DATA EXTRACTS:
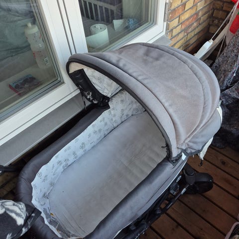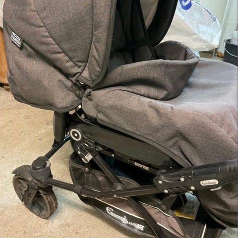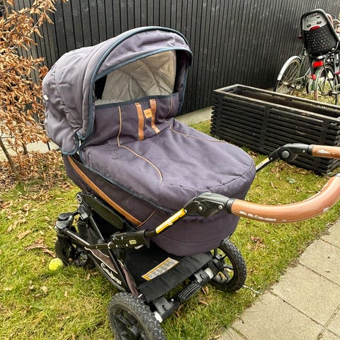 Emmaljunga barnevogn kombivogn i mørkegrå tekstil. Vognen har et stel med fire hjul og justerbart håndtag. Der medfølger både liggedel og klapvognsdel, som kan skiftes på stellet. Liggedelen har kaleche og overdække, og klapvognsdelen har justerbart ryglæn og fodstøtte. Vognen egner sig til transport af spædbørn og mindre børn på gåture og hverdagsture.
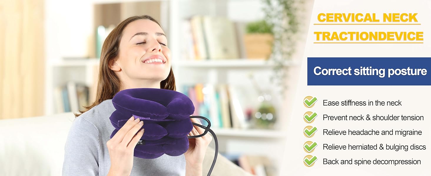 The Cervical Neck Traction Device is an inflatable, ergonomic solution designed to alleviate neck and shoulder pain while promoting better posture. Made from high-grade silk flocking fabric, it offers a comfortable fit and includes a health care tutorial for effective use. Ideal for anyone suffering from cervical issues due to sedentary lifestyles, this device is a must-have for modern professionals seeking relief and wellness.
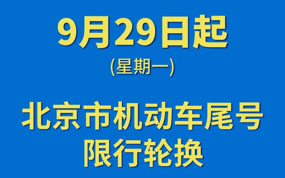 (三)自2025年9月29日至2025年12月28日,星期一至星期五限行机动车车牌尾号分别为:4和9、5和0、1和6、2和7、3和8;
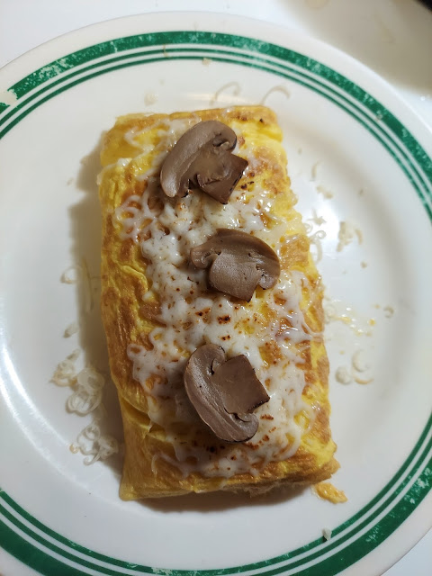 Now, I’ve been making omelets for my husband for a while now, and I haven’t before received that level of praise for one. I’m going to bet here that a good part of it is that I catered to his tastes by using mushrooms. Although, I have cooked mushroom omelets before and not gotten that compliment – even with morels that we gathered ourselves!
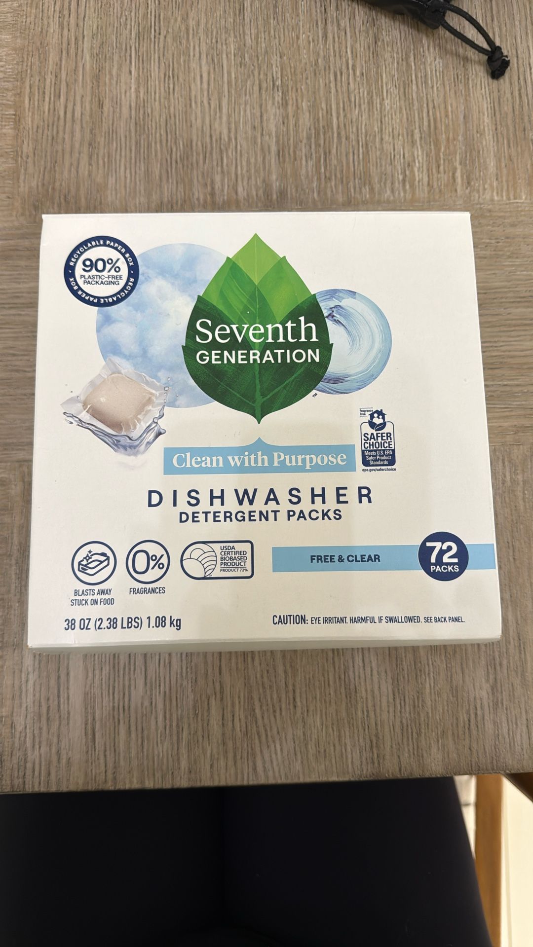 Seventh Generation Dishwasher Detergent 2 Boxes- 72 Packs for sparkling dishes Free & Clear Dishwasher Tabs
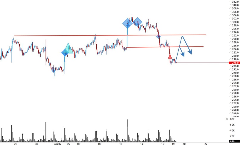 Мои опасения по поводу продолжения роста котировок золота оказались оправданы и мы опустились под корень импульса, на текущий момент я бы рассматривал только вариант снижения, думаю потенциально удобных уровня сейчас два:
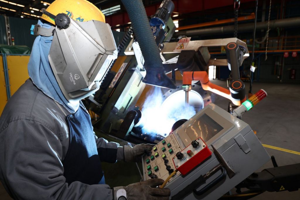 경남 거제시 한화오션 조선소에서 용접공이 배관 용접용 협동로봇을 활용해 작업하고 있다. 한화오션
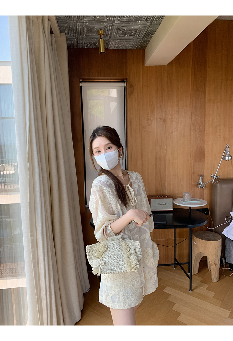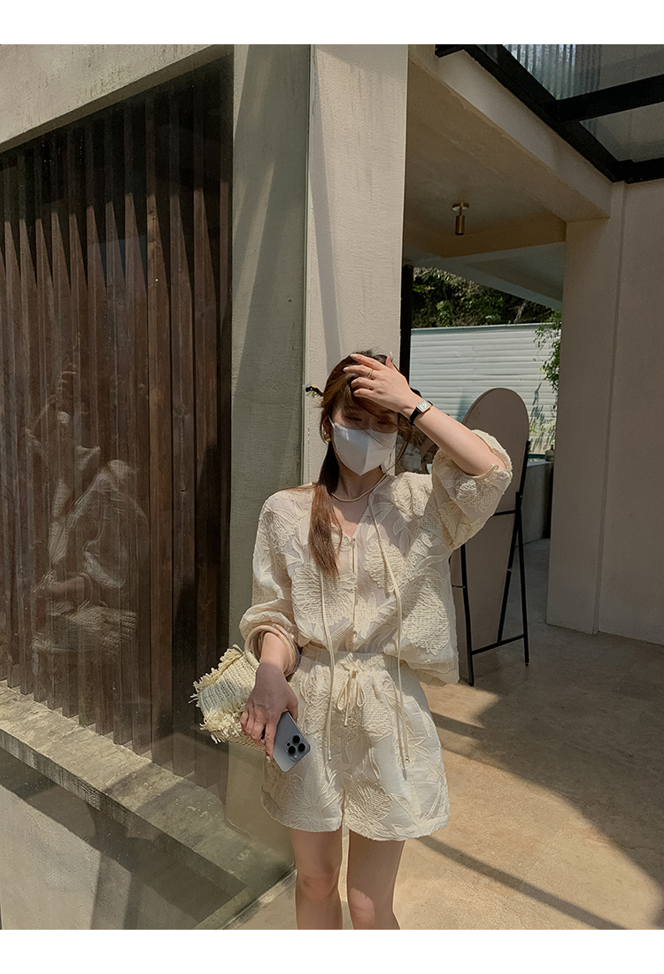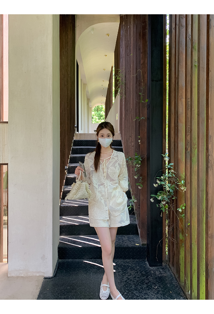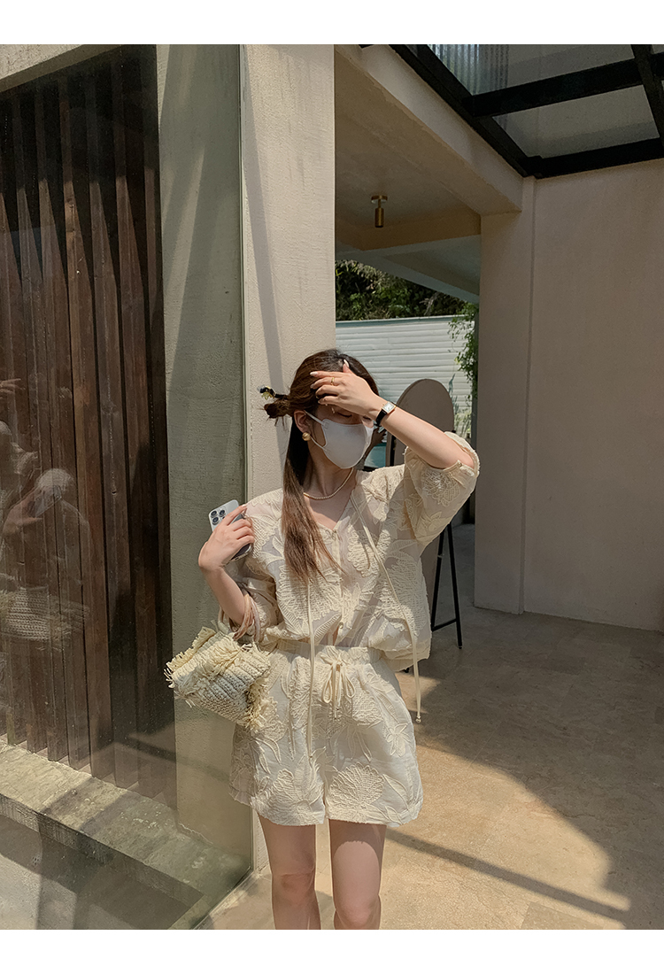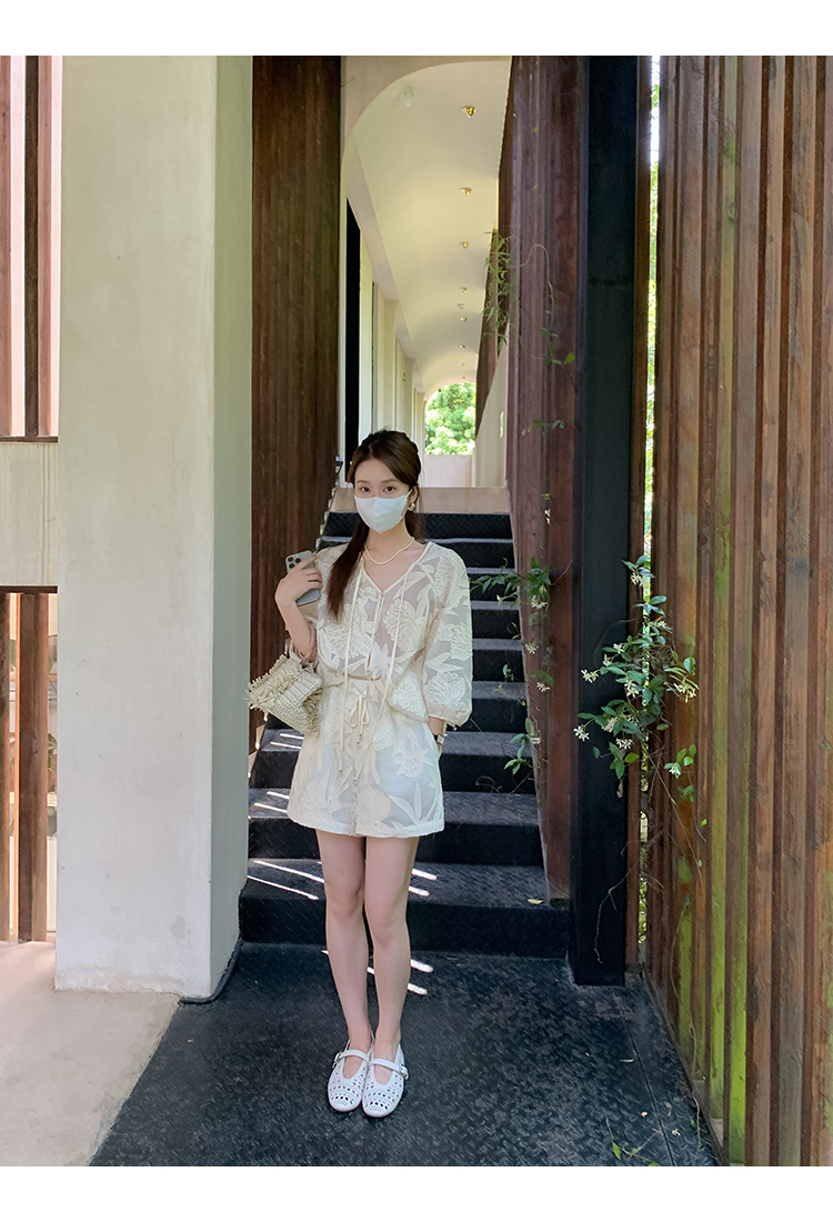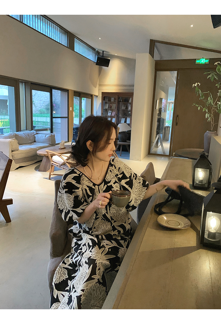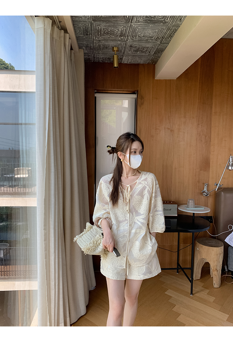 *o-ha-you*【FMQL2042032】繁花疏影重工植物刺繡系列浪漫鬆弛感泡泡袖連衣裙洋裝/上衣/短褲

WORK REQUIRED:
Out of the records above, please copy exactly the lines from the line with "The Cervical Neck" up to and including the line with "(三)自2025年9月29日", minus the pictures.

TASK SOLUTION:
 The Cervical Neck Traction Device is an inflatable, ergonomic solution designed to alleviate neck and shoulder pain while promoting better posture. Made from high-grade silk flocking fabric, it offers a comfortable fit and includes a health care tutorial for effective use. Ideal for anyone suffering from cervical issues due to sedentary lifestyles, this device is a must-have for modern professionals seeking relief and wellness.
 (三)自2025年9月29日至2025年12月28日,星期一至星期五限行机动车车牌尾号分别为:4和9、5和0、1和6、2和7、3和8;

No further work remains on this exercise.